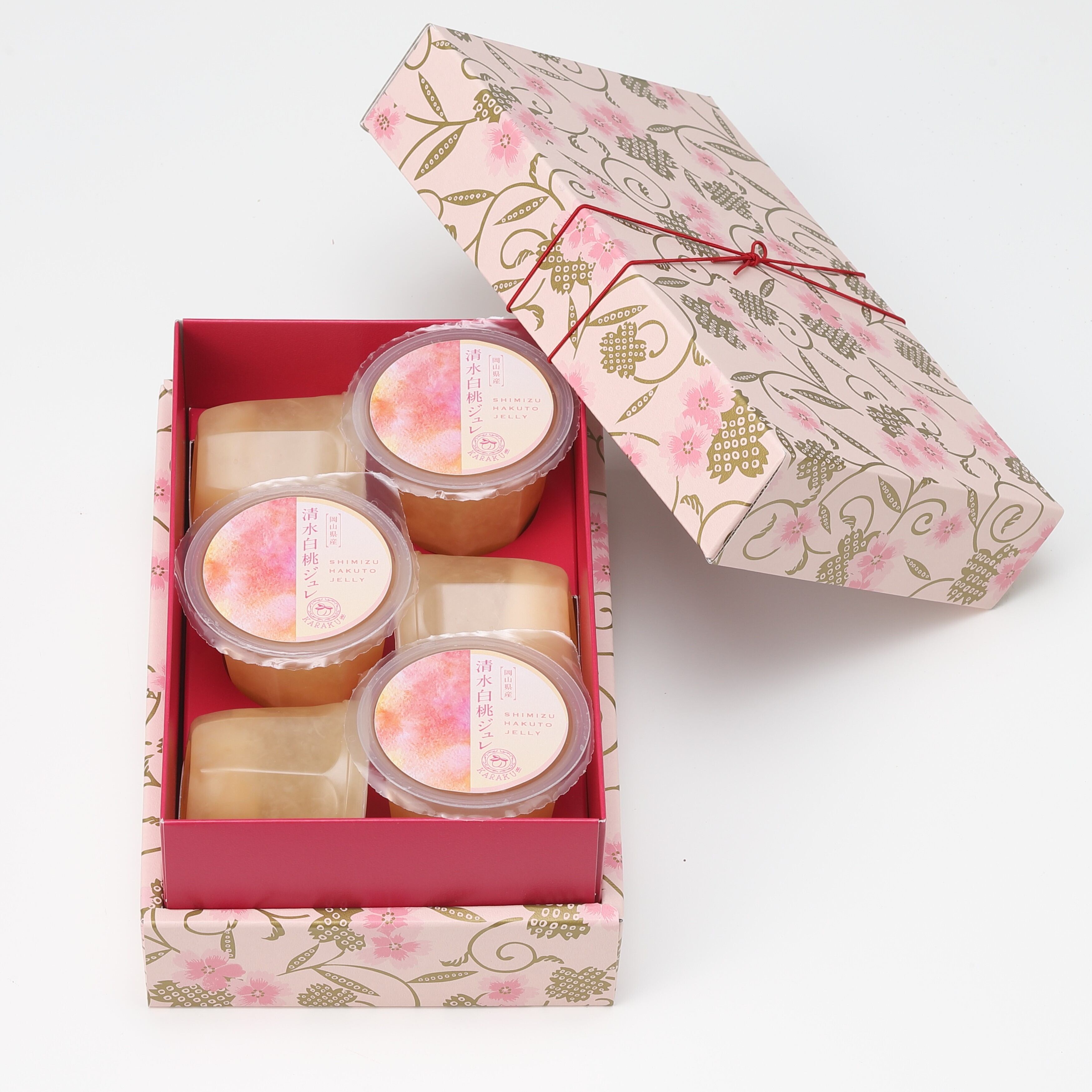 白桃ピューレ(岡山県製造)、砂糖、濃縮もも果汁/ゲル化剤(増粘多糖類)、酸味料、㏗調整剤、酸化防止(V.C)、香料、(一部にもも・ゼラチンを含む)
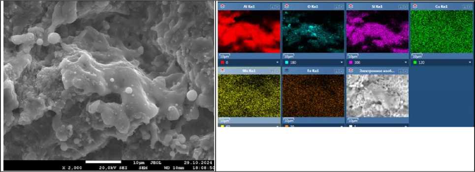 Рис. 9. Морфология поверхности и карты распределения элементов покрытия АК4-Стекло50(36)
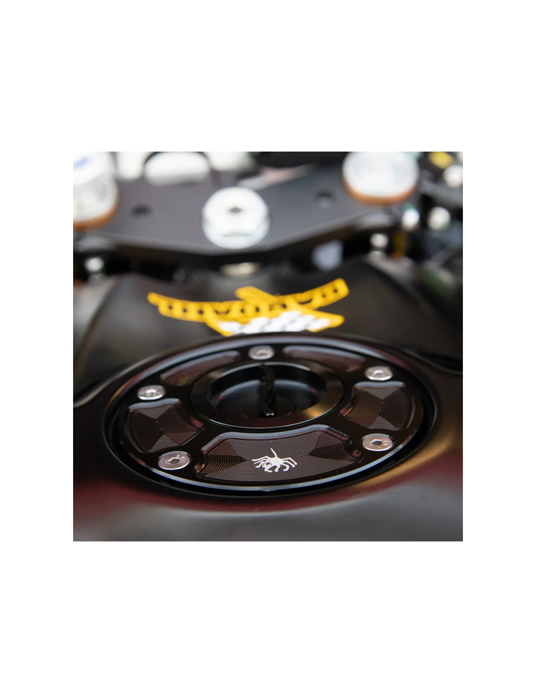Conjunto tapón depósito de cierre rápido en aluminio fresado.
+--
Assigned task — What you return must match the material above exactly, minus its pictures.

Result of the exercise —
 白桃ピューレ(岡山県製造)、砂糖、濃縮もも果汁/ゲル化剤(増粘多糖類)、酸味料、㏗調整剤、酸化防止(V.C)、香料、(一部にもも・ゼラチンを含む)
 Рис. 9. Морфология поверхности и карты распределения элементов покрытия АК4-Стекло50(36)
Conjunto tapón depósito de cierre rápido en aluminio fresado.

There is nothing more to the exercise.